Other works include a postcard of the French chanteuse Josephine Baker in male evening attire, photos of the Norwegian Marie Høeg dressed as a man in a variety of poses, and a photo of French surrealist Claude Cahun in a meditative position with a shaved head that creates an androgynous appearance.

The “Pose” section displays a famous portrait by Mexican artist Roberto Montenegro of his friend Chucho Reyes, an antique and antiquities dealer. Reyes has a limp wrist, tilted chin and amused smile, which are common tropes of queer codes even today.

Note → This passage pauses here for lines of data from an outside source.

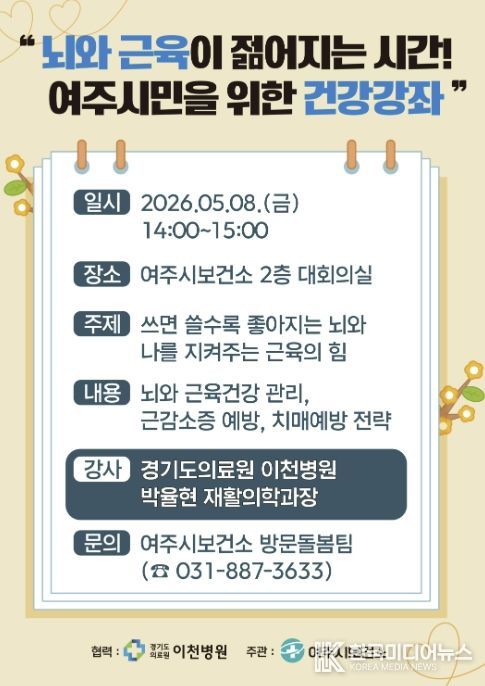 [ 한국미디어뉴스 이원영 기자 ] 여주시보건소 건강증진과는 오는 5월 8일 오후 2시, 보건소 2층 대회의실에서 여주시민을 위한 건강강좌 '뇌와 근육이 젊어지는 시간!'을 개최한다고 밝혔다.
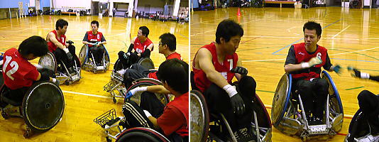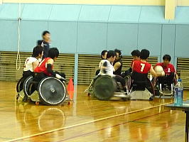 試合前のミーティング。やる気十分。 作戦はヒミツ。
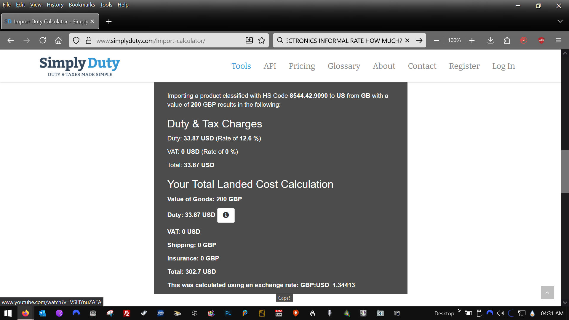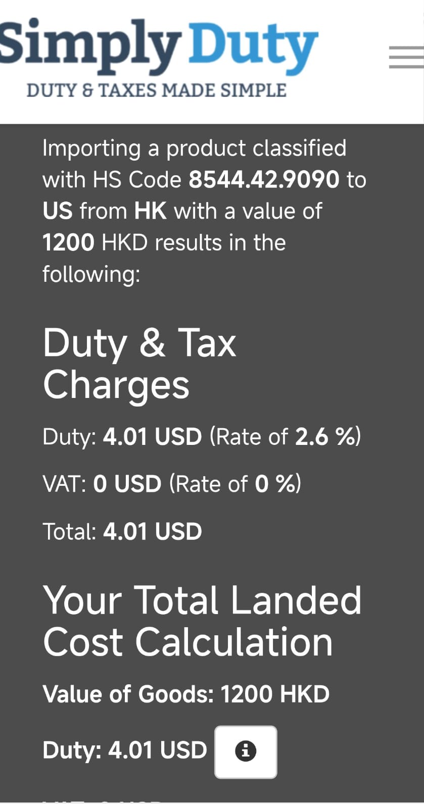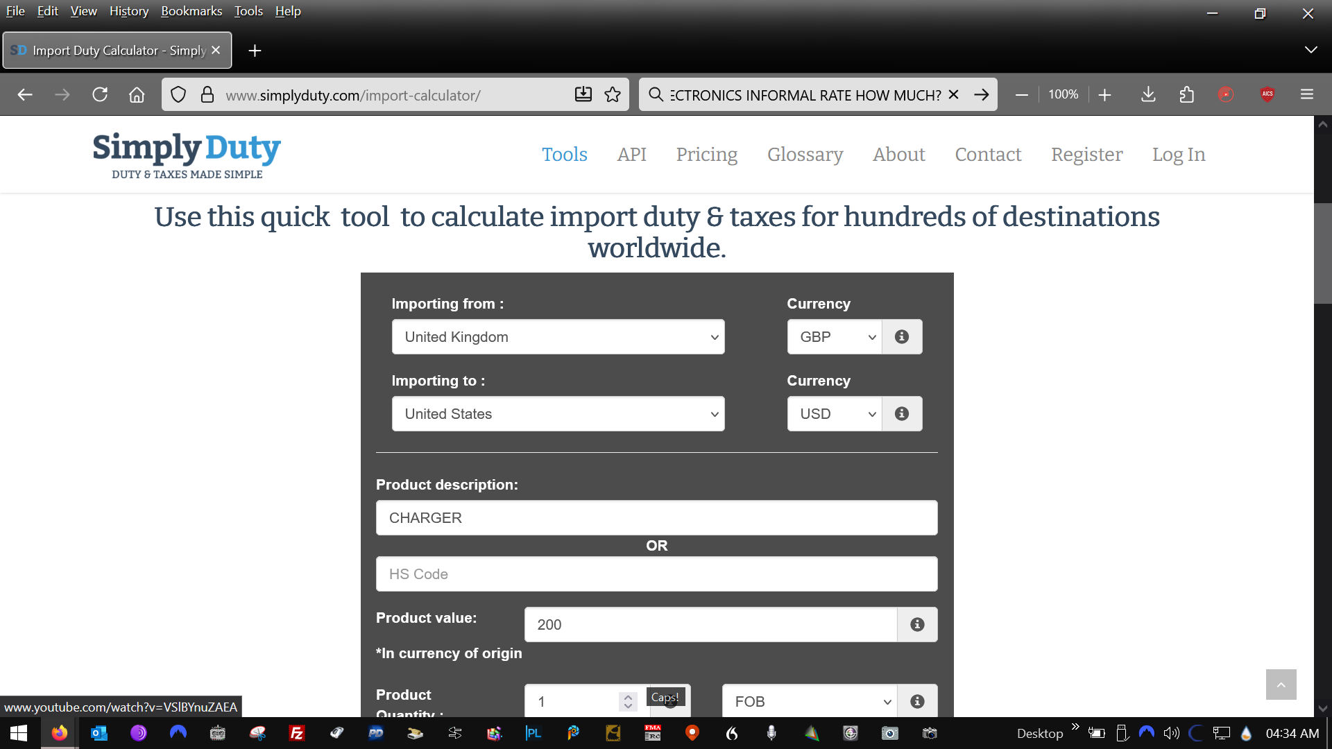 You can also add your sending country and any receiving country. So I put UK to US. Theres no tarrifs or taxes on any shipping costs.
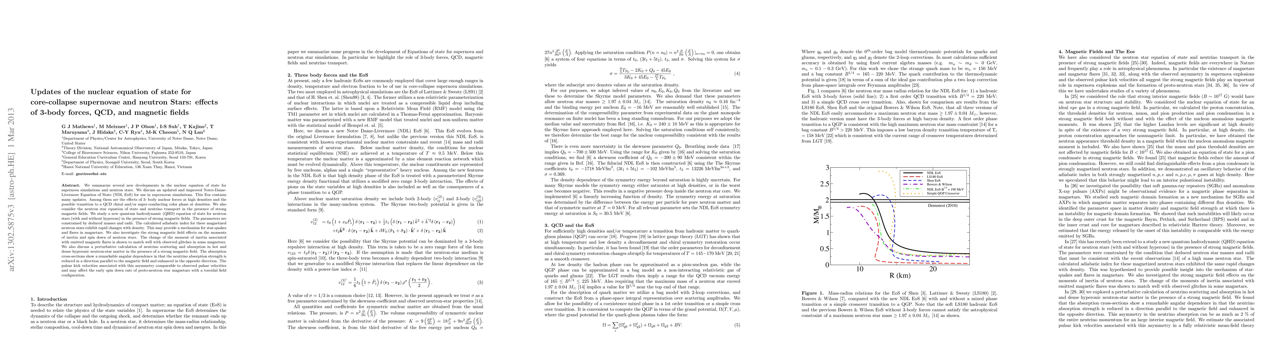 This paper updates the nuclear equation of state (EoS) for core-collapse supernovae and neutron stars, incorporating 3-body forces, QCD phases, and magnetic fields. It introduces an improved NDL EoS with high-density effects and explores neutron star dynamics under strong magnetic fields, including magnetic field impacts on moments of inertia and neutrino transport.
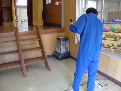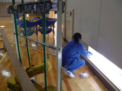 体育倉庫の中や窓のさんなどを丁寧に掃除しています。
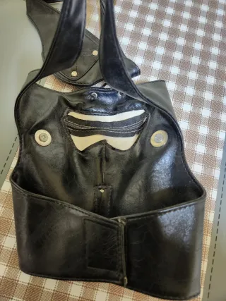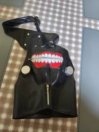 Máscara negra inspirada en Kaneki, con un diseño llamativo. - Material: Cuero sintético. - Cierre de cremallera frontal. - Detalle de dientes rojos y blancos. - Dos adornos circulares plateados a los lados. - Correa ajustable para la cabeza.
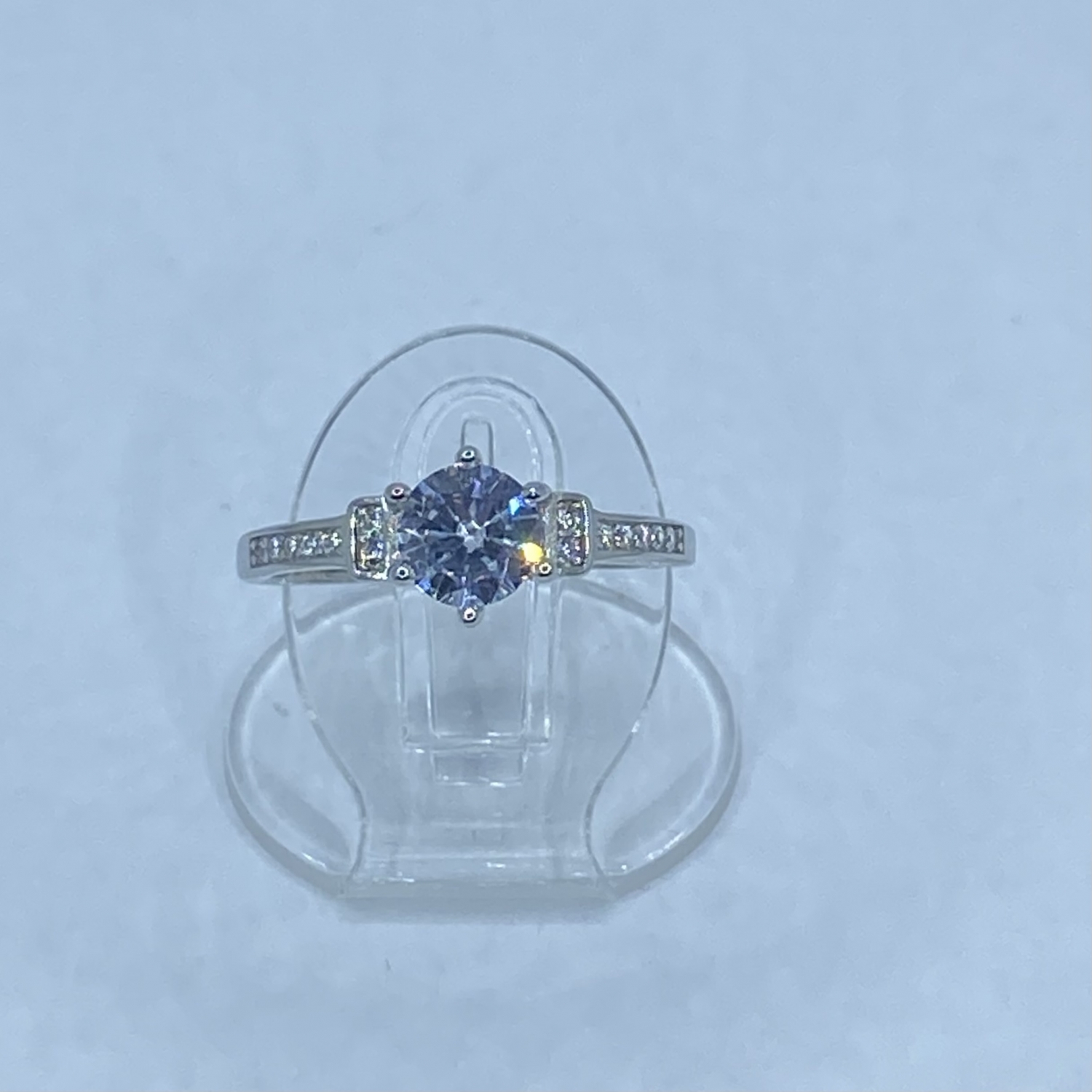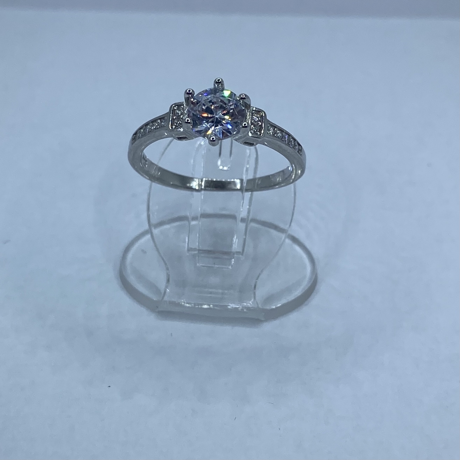 Ezüst eljegyzési gyűrű egy középső,nagyobb csillogó kővel,mellette sok kisebb fehér kővel díszítve,rhódiumouott felülettel.

(From left) Gerda Wegener’s “Reclining in Nude,” James Gardiner’s untitled piece, and Roberto Montenegro’s “Retrato de un anticuario o Retrato de Chucho Reyes y autorretrato.” Credit: Provided/Wrightwood 659

The fourth section, “Archetypes,” is anchored around Thomas Eakins’s “Salutat, 1898,” a painting that focuses attention on an erotic part of the young male body. Throughout this section, viewers can track the ideal of male beauty’s evolution from 19th century ideals of youthful male beauty to a more masculinized ideal of perfection.

The next section, “Desire,” brings together works of art that are stylistically varied, but alike in depicting same-gender sex or emphasizing parts of the body for erotic effect. It has erotica from China, Japan, Iran and India, as well as figure drawings by French artist Jane Poupelet that focus on the rear view of female models.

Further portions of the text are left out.